Influence of the aromatic moiety in α- And β-arylalanines on their biotransformation with phenylalanine 2,3-aminomutase from: Pantoea agglomerans
Varga, Andrea,Bánóczi, Gergely,Nagy, Botond,Bencze, László Csaba,To?a, Monica Ioana,Gellért, ákos,Irimie, Florin Dan,Rétey, János,Poppe, László,Paizs, Csaba
, p. 56412 - 56420 (2016/07/06)
In this study enantiomer selective isomerization of various racemic α- and β-arylalanines catalysed by phenylalanine 2,3-aminomutase from Pantoea agglomerans (PaPAM) was investigated. Both α- and β-arylalanines were accepted as substrates when the aryl moiety was relatively small, like phenyl, 2-, 3-, 4-fluorophenyl or thiophen-2-yl. While 2-substituted α-phenylalanines bearing bulky electron withdrawing substituents did not react, the corresponding substituted β-aryl analogues were converted rapidly.
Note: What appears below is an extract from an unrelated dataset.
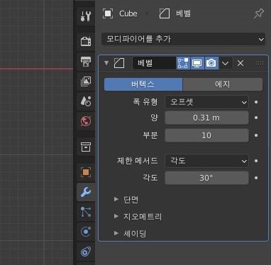 그리고 둥근 모서리를 만들기 위해서 위 스크린샷에서 보이는 것과 같이 일단 베벨이라는 모디파이어를 추가해 주도록 했습니다.

Conversion of 3- and 4-substituted α-arylalanines happened smoothly, while conversion of the corresponding β-arylalanines was poor or non-existent. In the range of pH 7-9 there was no significant influence on the conversion of racemic α- or β-(thiophen-2-yl)alanines, whereas increasing the concentration of ammonia (ammonium carbonate from 50 to 1000 mM) inhibited the isomerization progressively and decreased the amount of the by-product (i.e. (E)-3-(thiophen-2-yl)acrylic acid was detected). In all cases, the high ee values of the products indicated excellent enantiomer selectivity and stereospecificity of the isomerization except for (S)-2-nitro-α-phenylalanine (ee 92%) from the β-isomer. Substituent effects were rationalized by computational modelling revealing that one of the main factors controlling biocatalytic activity was the energy difference between the covalent regioisomeric enzyme-substrate complexes.